Tale prova positiva i giudici del merito non hanno ravvisato, dopo aver esaminato quali erano le fonti di reddito non solo dello I., ma anche di sua moglie, all’epoca degli acquisti, concludendo che i documenti in atti non dimostravano proporzionali leciti introiti.

Nè gioverebbe all’odierno ricorrente l’ipotesi che, a parte i redditi dichiarati, egli e/o il nucleo familiare possano aver goduto di ulteriori introiti comunque derivanti da attività lecite: in primo luogo, è noto che l’ipotesi alternativa, come non è sufficiente a rappresentare una manifesta illogicità argomentativa denunciabile ex art. 606 c.p.p. (a riguardo la giurisprudenza di questa S.C. è antica e consolidata: cfr.
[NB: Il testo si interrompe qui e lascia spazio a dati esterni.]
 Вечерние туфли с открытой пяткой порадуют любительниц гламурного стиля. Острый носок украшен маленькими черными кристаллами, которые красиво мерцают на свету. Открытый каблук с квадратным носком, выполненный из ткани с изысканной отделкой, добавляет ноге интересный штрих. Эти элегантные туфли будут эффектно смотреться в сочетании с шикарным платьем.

Cass. Sez. 1^ n. 12496 del 21.9.99, dep. 4.11.99; Cass. Sez. 1^ n. 1685 del 19.3.98, dep. 4.5.98; Cass. Sez. 1^ n. 7252 del 17.3.99, dep. 8.6.99; Cass. Sez. 1^ n. 13528 dell’11.11.98, dep. 22.12.98; Cass. Sez. 1^ n. 5285 del 23.3.98, dep. 6.5.98; Cass. S.U. n. 6402 del 30.4.97, dep. 2.7.97;

Cass. S.U. n. 16 del 19.6.96, dep. 22.10.96; Cass. Sez. 1^ n. 1213 del 17.1.84, dep. 11.2.84 e numerosissime altre), così – a fortiori – non può segnalare un’assoluta carenza argomentativa spendibile per cassazione contro un provvedimento di sequestro.
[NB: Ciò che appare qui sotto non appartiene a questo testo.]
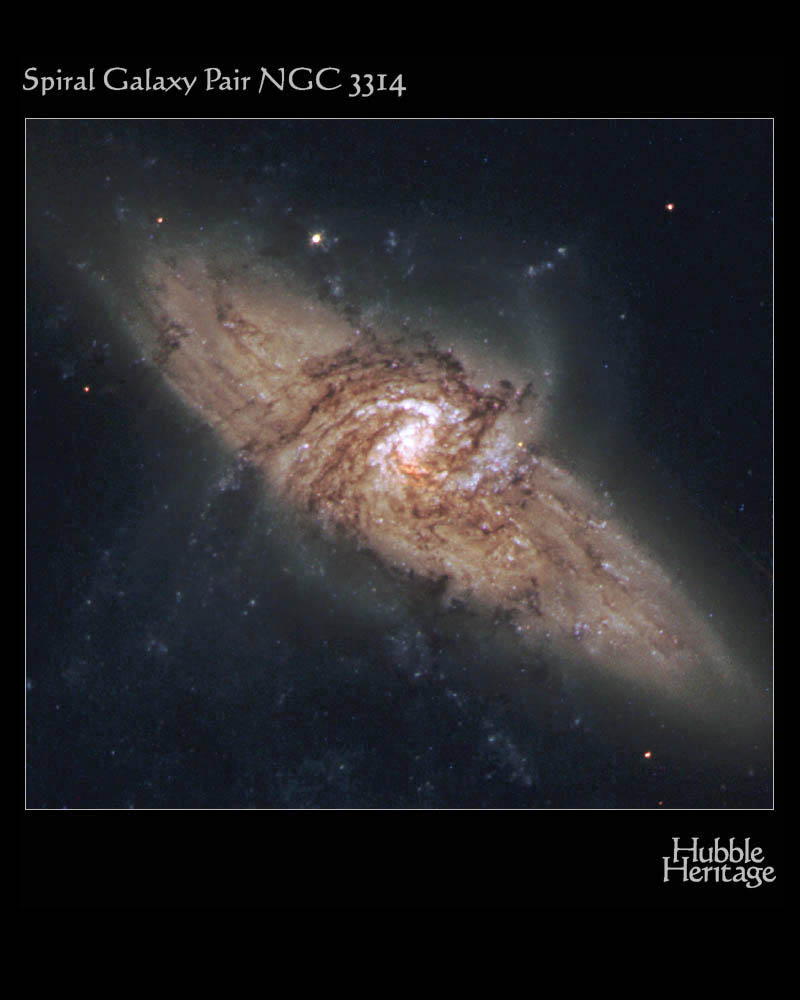 Astronomický snímek dne http://www.astro.cz/apod/ap050507.html | NGC 3314 se skládá ze dvou velkých spirálních galaxií, které se pouhou náhodou nacházejí přesně za sebou. Spirála v popředí je vidět skoro úplně zepředu a její tvar větrníku definují mladé jasné hvězdokupy. Ale proti svitu galaxie v pozadí jsou též vidět tmavé vířící pásy mezihvězdného prachu, které odrážejí zepředu viděnou spirální strukturu. Prachové pásy jsou překvapivě všudepřítomné a tento pozoruhodný pár překrývajících se galaxií je jedním z malého počtu systémů, u kterých se dá využít absorpce viditelného světla k přímému výzkumu distribuce prachu ve vzdálených spirálních galaxiích. NGC 3314 se nachází ve vzdálenosti asi 140 miliónů světelných let ve vícehlavém souhvězdí Hydra. Tento barevný kompozitní obraz vznikl ze snímků pořízených dalekohledem Hubble Space Telescope v letech 1999 a 2000. |

In secondo luogo, i parametri legislativi per valutare la legittima provenienza di beni nell’ottica del cit. art. 12 sexies consistono nella sproporzione esistente tra il loro valore e il reddito dichiarato dall’interessato ai fini delle imposte sul reddito oppure nello squilibrio esistente tra detto valore e l’attività economica svolta dal medesimo. Si tratta di parametri non concorrenti, ma alternativi, di guisa che per valutare tale sproporzione il giudice prende in esame uno soltanto di essi, senza dover passare ad ulteriore valutazione con l’altro parametro una volta che abbia già constatato la sproporzione tra il valore dei beni e il parametro originariamente prescelto (cfr. Cass. Sez. 1^ n. 5202 del 14.10.96, dep. 26.10.96; Cass. Sez. 1^ n. 2860 del 10.6.94, dep. 23.8.94).

Per quel che concerne, poi, lo specifico della lamentata omessa motivazione del sequestro del c/c n. (OMISSIS) presso la filiale di (OMISSIS) della Cariparma Credit Agricol intestato al ricorrente e a sua moglie, si noti che in virtù del requisito dell’autosufficienza del ricorso non basta dedurre tale omissione se non accompagnata dall’esposizione delle doglianze che sarebbero state avanzate in sede di riesame e che sarebbero state trascurate dal Tribunale.

Per il resto, l’impugnazione sostanzialmente si duole di un’inadeguata disamina delle ragioni difensive, che reitera con richiami ai documenti prodotti: si tratta di censure non consentite in questa sede, noto essendo – per cosante insegnamento di questa S.C. – che il ricorso per cassazione contro ordinanze emesse in materia di sequestro preventivo o probatorio è ammesso solo per violazione di legge.

E’ pur vero che in tale nozione vanno compresi (oltre agli errores in iudicando o in procedendo) anche quei vizi della motivazione così radicali da rendere l’apparato argomentativo posto a sostegno del provvedimento o del rutto mancante o privo dei requisiti minimi di coerenza, completezza e ragionevolezza e quindi inidoneo a rendere comprensibile l’itinerario logico seguito dal giudice (Cass. S.U. n. 25932 del 29.5.2008, dep. 26.6.2008; Cass. S.U. n. 5876 del 28.1.2004, dep. 13.2.2004).

Ma nel caso di specie non può certo dirsi che la motivazione dell’impugnata ordinanza sia radicalmente priva d’un minimo percorso argomentativo.

6. In conclusione, il ricorso è da rigettarsi. Ex art. 616 c.p.p. consegue la condanna del ricorrente alle spese processuali.
P.Q.M.

La Corte Suprema di Cassazione, Seconda Sezione Penale, rigetta il ricorso e condanna il ricorrente al pagamento delle spese processuali.

Testo non ufficiale. La sola stampa del bollettino ufficiale ha carattere legale.